The PL-5 (霹雳-5) air-to-air missile (PL stands for Pi Li, "Thunderbolt" in Chinese, the generic designation for all PRC air-to-air missiles) is a short-range, Infrared homing missile used by Chinese fighters. It is based on AA-2 Atoll technology and resembles the AIM-9 Sidewinder.
The PL-5 was designed and developed at China's Luoyang Electro-Optics Technology Development Centre (EOTDC), also known as Institute 612; its design team members included Chen Jiali (陈家礼), Dong Chunfeng, Hu Rongchao (胡荣超), Huang Bin, Zhang Ming (张明), and Zheng Zhiwei (郑志伟).  It was reportedly produced at the Hanzhong Nanfeng Machine Factory (also known as the Hanzhong Air-to-Air Missile Factory) of the China Aviation Industry Corporation I.

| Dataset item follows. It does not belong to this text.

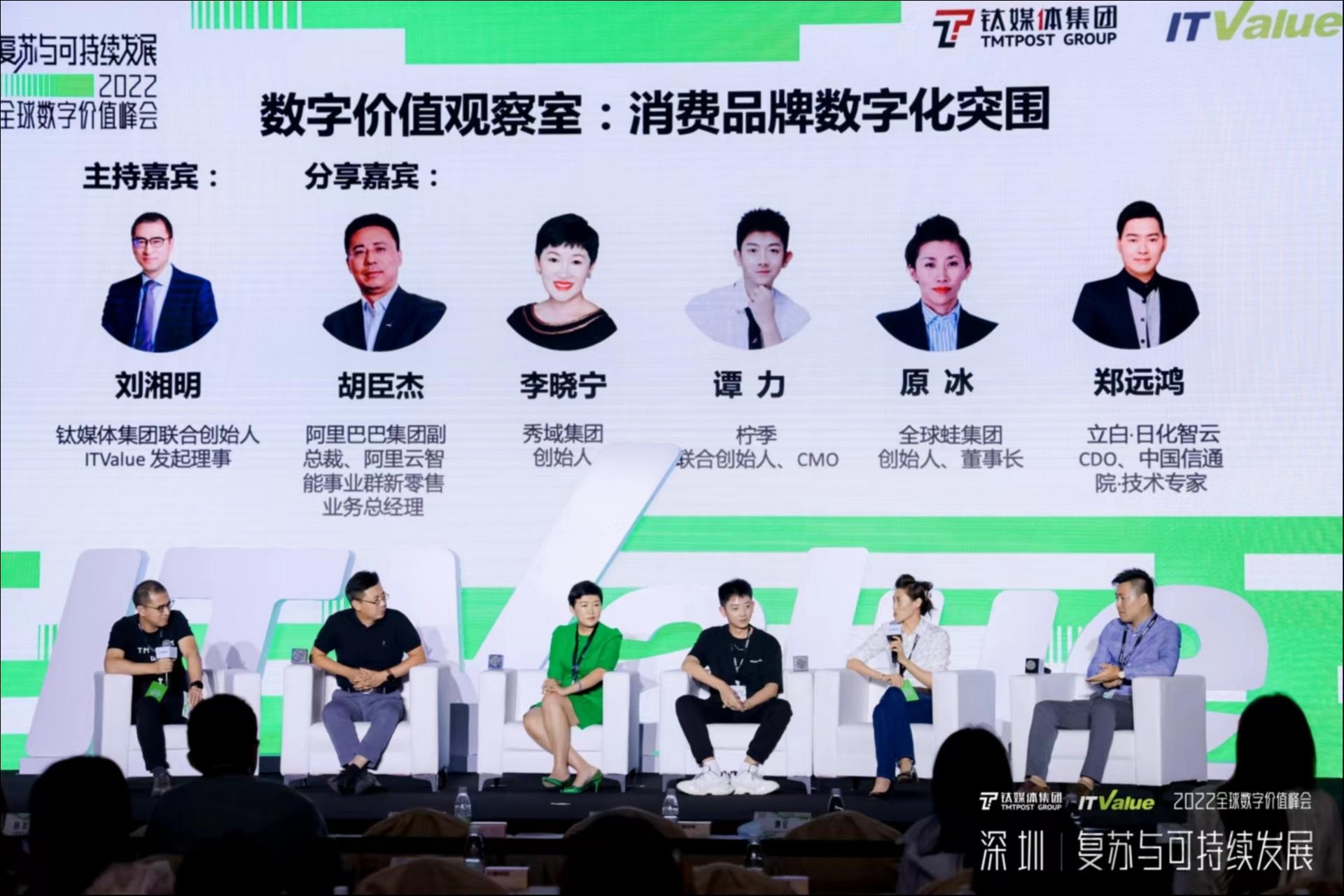 会上,阿里巴巴集团副总裁、阿里云智能事业群新零售业务总经理胡臣杰,秀域集团创始人李晓宁,柠季联合创始人、CMO谭力,全球蛙集团创始人、董事长原冰,立白·日化智云CDO、中国信通院、技术专家郑远鸿就消费品牌数字化营销的定义、价值走向、痛点弊端及落地规划进行了深度探讨。

The PL-5 have been continuously upgraded by Luoyang and the latest variant, the PL-5EII, added a dual band, multi-element detector as well as a laser proximity fuse similar to the PL-9. According to the Chinese export/import agency CATIC, the PL5E has an all-aspect capability with the seeker having a maximum off boresight angle of ±25° before launch, and ±40° after launch.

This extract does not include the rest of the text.